Companies can be valued in a lot of ways, so we would point out that a DCF is not perfect for every situation. Anyone interested in learning a bit more about intrinsic value should have a read of the Simply Wall St analysis model.

View our latest analysis for Amiad Water Systems

Is Amiad Water Systems fairly valued?

We use what is known as a 2-stage model, which simply means we have two different periods of growth rates for the company's cash flows. Generally the first stage is higher growth, and the second stage is a lower growth phase. To begin with, we have to get estimates of the next ten years of cash flows. Seeing as no analyst estimates of free cash flow are available to us, we have extrapolate the previous free cash flow (FCF) from the company's last reported value. We assume companies with shrinking free cash flow will slow their rate of shrinkage, and that companies with growing free cash flow will see their growth rate slow, over this period. We do this to reflect that growth tends to slow more in the early years than it does in later years.

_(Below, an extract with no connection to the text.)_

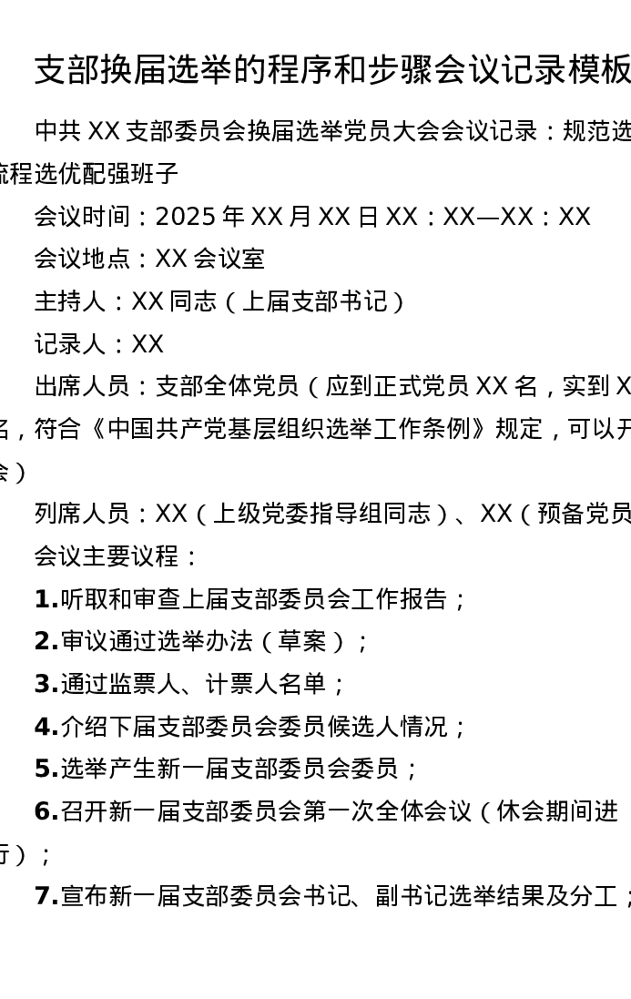 支部换届选举的程序和步骤会议记录模板

A DCF is all about the idea that a dollar in the future is less valuable than a dollar today, so we discount the value of these future cash flows to their estimated value in today's dollars:

10-year free cash flow (FCF) estimate

2022 2023 2024 2025 2026 2027 2028 2029 2030 2031
Levered FCF ($, Millions) US$6.79m US$6.75m US$6.76m US$6.79m US$6.84m US$6.91m US$6.99m US$7.08m US$7.17m US$7.27m
Growth Rate Estimate Source Est @ -1.4% Est @ -0.54% Est @ 0.07% Est @ 0.49% Est @ 0.79% Est @ 1% Est @ 1.14% Est @ 1.24% Est @ 1.31% Est @ 1.36%
Present Value ($, Millions) Discounted @ 6.6% US$6.4 US$5.9 US$5.6 US$5.3 US$5.0 US$4.7 US$4.5 US$4.2 US$4.0 US$3.8

("Est" = FCF growth rate estimated by Simply Wall St)
Present Value of 10-year Cash Flow (PVCF) = US$49m

The second stage is also known as Terminal Value, this is the business's cash flow after the first stage. For a number of reasons a very conservative growth rate is used that cannot exceed that of a country's GDP growth. In this case we have used the 5-year average of the 10-year government bond yield (1.5%) to estimate future growth. In the same way as with the 10-year 'growth' period, we discount future cash flows to today's value, using a cost of equity of 6.6%.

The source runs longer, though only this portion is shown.